Zelan: Loses arbitration in charter hire fees dispute, ordered to pay RM2.66m. Property developer Zelan has lost an arbitration in a dispute with a dredging firm over charter hire fees, and has been ordered to pay the firm RM2.66m. Zelan said its subsidiary, Zelan Construction SB, was the respondent to the claim made by Clamshell Dredging SB. After the full trial of the matter at the Asian International Arbitration Centre (AIAC) in KL, the tribunal ruled that Zelan Construction had terminated the contracts under dispute. Apart from the RM2.66m, Zelan Construction was ordered to pay Clamshell interest at the rate of 5% per annum on the sum of RM2.66m from June 30, 2016 until full payment is made. (The Edge)

Market Update

The FBM KLCI might lower today after the S&P 500 closed in correction territory as concern about the outlook for global growth triggered another slump in oil prices, dragging shares of companies in the sector down with it. In Asia, hopes for a breakthrough in trade relations between Washington and Beijing remained unfulfilled, leaving China’s stocks looking exposed, while weak data from the eurozone added to the sense of unease over the global economy. US stocks dipped as markets returned after the Thanksgiving holiday, with the S&P 500 closing down 0.7% to 2,632.56, adding up to a drop of more than 10 percent from its recent high in September. The Nasdaq Composite fell 0.5% while the Dow Jones Industrial Average lost 0.7%. The European Stoxx index tracking oil and gas companies tumbled 3% — compared with the wider Stoxx 600 index edging up 0.4%. Weaker-than expected economic data from the eurozone added to the uncertain mood. German purchasing managers’ data for November missed forecasts, as did numbers from the wider currency area. European markets finished mixed as the DAX gained 0.49% and the CAC 40 rose 0.18%. The FTSE 100 lost 0.11%.

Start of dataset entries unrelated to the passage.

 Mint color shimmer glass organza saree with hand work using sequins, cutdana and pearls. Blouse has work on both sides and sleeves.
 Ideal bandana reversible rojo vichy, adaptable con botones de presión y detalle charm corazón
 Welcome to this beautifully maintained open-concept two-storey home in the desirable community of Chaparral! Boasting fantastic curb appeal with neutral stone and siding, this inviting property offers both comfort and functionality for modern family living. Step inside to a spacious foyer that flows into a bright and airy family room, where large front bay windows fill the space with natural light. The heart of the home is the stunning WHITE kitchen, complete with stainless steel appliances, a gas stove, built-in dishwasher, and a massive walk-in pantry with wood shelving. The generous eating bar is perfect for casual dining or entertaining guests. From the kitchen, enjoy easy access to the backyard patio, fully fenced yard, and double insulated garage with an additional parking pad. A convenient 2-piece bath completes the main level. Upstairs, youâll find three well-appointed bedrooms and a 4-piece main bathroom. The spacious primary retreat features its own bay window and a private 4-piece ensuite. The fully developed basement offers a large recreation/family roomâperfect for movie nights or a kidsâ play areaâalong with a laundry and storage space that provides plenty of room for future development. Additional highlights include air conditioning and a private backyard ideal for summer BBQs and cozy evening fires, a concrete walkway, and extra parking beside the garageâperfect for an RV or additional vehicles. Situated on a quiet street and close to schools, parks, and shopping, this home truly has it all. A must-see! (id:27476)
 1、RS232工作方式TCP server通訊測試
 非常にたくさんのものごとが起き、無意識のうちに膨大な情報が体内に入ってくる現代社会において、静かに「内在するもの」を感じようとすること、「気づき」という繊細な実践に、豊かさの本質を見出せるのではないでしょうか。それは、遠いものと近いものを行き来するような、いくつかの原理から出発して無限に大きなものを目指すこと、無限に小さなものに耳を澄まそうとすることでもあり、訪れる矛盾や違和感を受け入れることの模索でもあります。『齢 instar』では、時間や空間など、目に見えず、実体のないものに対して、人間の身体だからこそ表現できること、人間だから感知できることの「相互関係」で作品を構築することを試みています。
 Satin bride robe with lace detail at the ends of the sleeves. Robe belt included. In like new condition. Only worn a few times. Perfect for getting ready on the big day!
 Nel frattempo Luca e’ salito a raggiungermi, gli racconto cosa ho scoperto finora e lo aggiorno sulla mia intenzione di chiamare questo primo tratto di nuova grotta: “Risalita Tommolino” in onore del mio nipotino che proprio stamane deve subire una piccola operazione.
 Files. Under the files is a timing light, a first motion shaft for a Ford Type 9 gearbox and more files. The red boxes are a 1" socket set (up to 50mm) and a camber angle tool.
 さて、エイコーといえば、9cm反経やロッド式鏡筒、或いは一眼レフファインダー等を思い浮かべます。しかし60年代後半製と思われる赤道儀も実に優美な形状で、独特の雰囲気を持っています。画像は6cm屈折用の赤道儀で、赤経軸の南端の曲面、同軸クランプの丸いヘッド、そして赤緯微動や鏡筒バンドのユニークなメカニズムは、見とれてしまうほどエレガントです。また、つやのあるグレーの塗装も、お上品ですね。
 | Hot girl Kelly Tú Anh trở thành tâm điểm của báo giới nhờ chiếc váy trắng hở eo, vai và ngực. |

Back home, the FBM KLCI index gained 0.26 of a point or 0.02% to 1,695.88 points on Friday. Trading volume decreased to 1.58bn worth RM1.10bn. Market breadth was negative with 236 gainers as compared to 597 losers. The CSI 300 index of major Shanghai and Shenzhen stocks fell 2.2%, with technology stocks under pressure. The sector is seen as vulnerable to any intensification of the trade dispute, as the potential target of the next round of tariffs. There were bigger moves for China’s oil majors, with concern about slowing growth and the potential economic impact of the US trade spat adding to pressure. Hong Kong’s Hang Seng ended Friday down 0.4%.